• EXCERPTED RECORDS
--

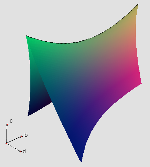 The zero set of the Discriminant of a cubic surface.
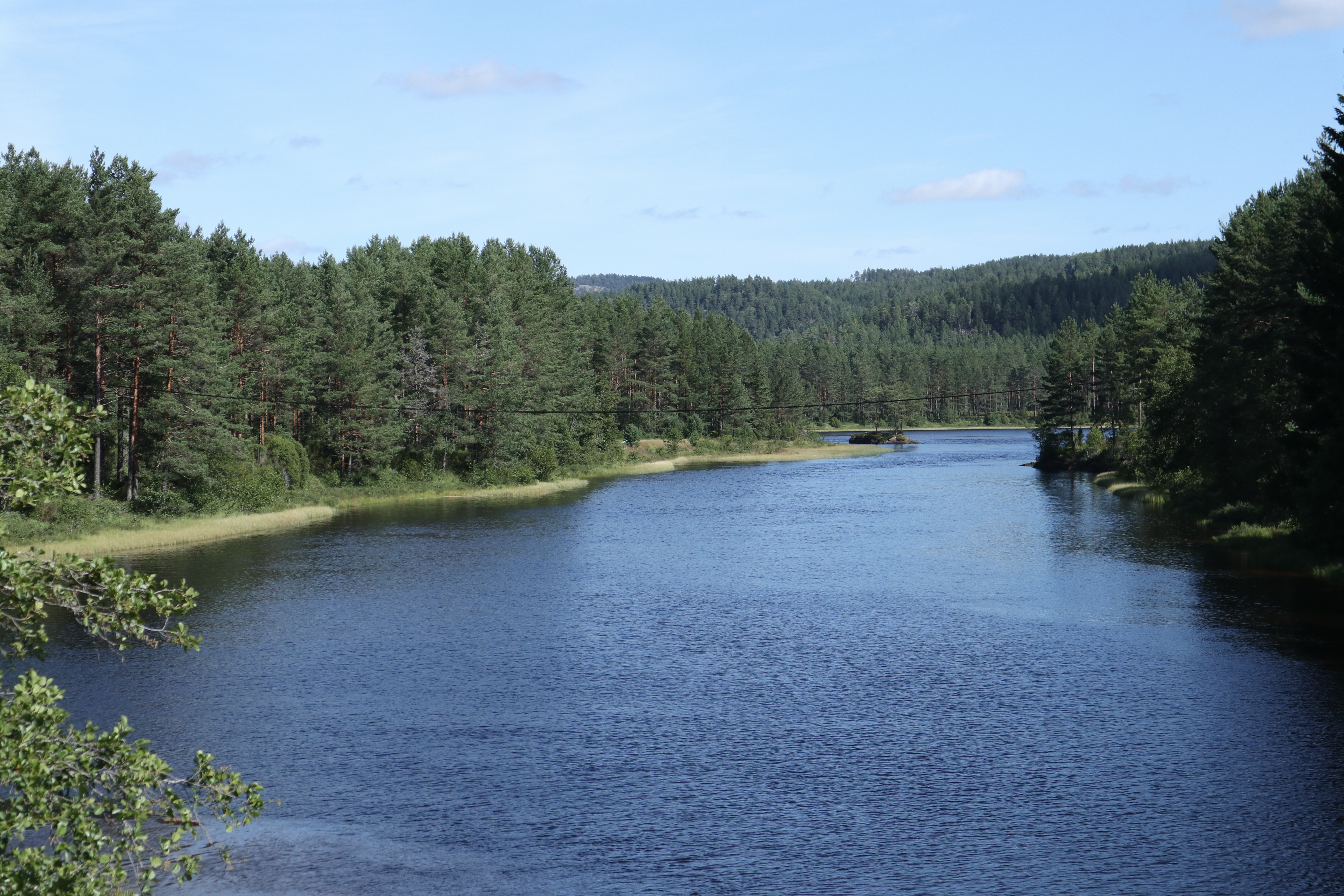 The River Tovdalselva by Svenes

--

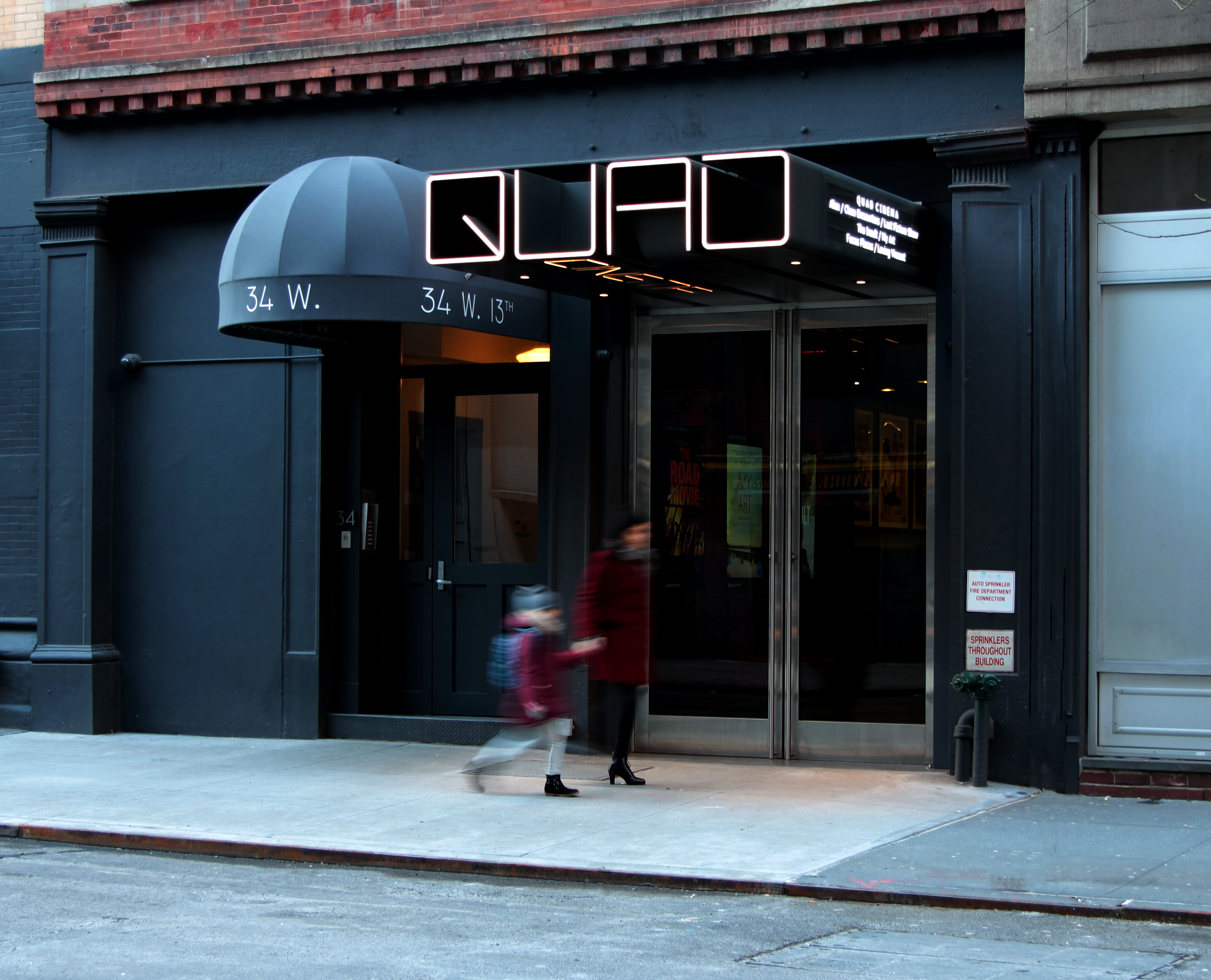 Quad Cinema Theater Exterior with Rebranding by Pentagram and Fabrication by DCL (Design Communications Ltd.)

--

• WHAT IS NEEDED
Within the listing above, extract exactly the lines that run from the one containing "The zero set" through the one containing "The River Tovdalselva by Svenes", excluding any pictures.

• RESPONSE AREA
 The zero set of the Discriminant of a cubic surface.
 The River Tovdalselva by Svenes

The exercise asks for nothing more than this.